Monday, March 21, 2005

Right Wing Hypocrisy--AGAIN

The Schiavo Case vs "The Texas Futile Care Law"

Last Wednesday, March 16, 2005, six-month-old Sun Hudson died after doctors at Texas Children's Hospital removed his ventilator. Sun was born with an untreatable congenital disease. His condition was terminal, and no amount of treatment could have saved him. Sun was terminally ill, but he was conscious. He was not in a persistent vegetative state like Terri Schiavo. What is remarkable about the case is that Sun was removed from life support by force of a court order, and despite the objections of his mother, who wanted doctors to do all they could to prolong his short life. This is the first time a U.S. judge has allowed a hospital to cut off a child's life support against a parent's wishes.
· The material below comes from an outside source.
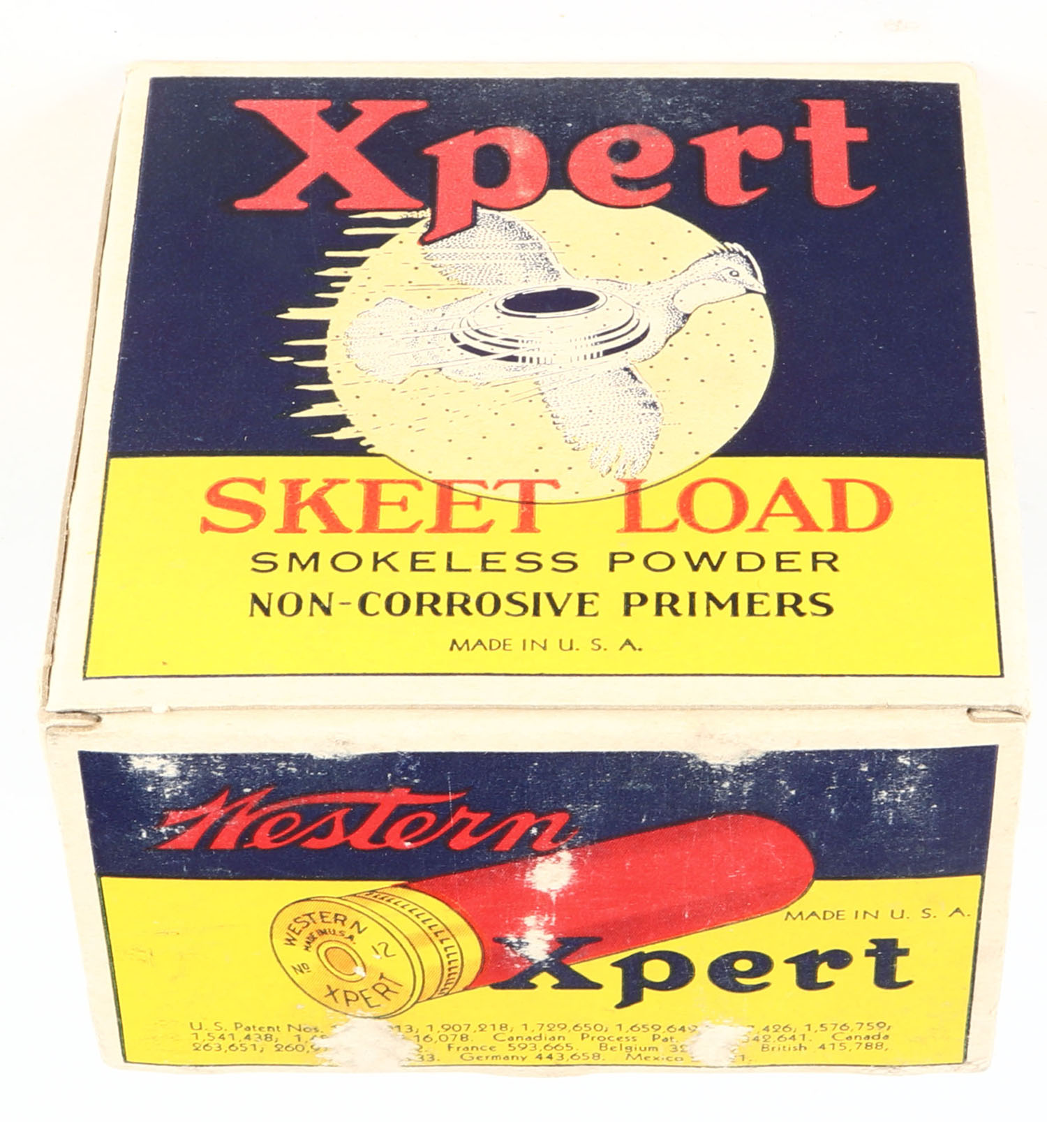 Western Xpert, SKEET LOAD, 12ga., 1pc., Full with Insert, buff box with blue & red on box that pictures flying Quail with skeet in body & shot all around, Loading: 3 Drams 1 1/8 Oz. No. 9 Chilled Shot, box is very solid with great colors, paper shells are excellent. Grade: Excellent ++ - Value: 200 to 800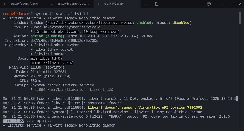 $ systemctl status libvirtdIf it is not running, start and enable it:

Also in Texas, the family of 68-year-old Spiro Nikolouzos is fighting a Houston hospital to keep their husband and father alive after a court ordered the removal of life support. The hospital claimed Nikolouzos is brain dead, but a neurologist disagrees, citing good flow of blood to the brain, unassisted breathing, and the presence of EKG pulses. While the exact nature of Nikolouzes's neurological condition may be in question, and while his family claims he has been coming in and out of consciousness, what is not in question is that he is not in a persistent vegetative state like Terri Schiavo.

What these two cases have in common is that they result from the "Texas Futile Care Law" (chapter 166 of the Texas Health and Safety Code), which allows doctors and hospitals to remove life support from patients with terminal illnesses and who are unable to pay for extraordinary life support measures on their own. Let me put this another way: this is a law to protect hospitals and insurance companies from paying for the extraordinary care of patients who cannot afford this care on their own. It takes the life-support decisions out of the hands of family members or legal guardians, and puts those life-support decisions in the hands of hospital administrators and insurance companies.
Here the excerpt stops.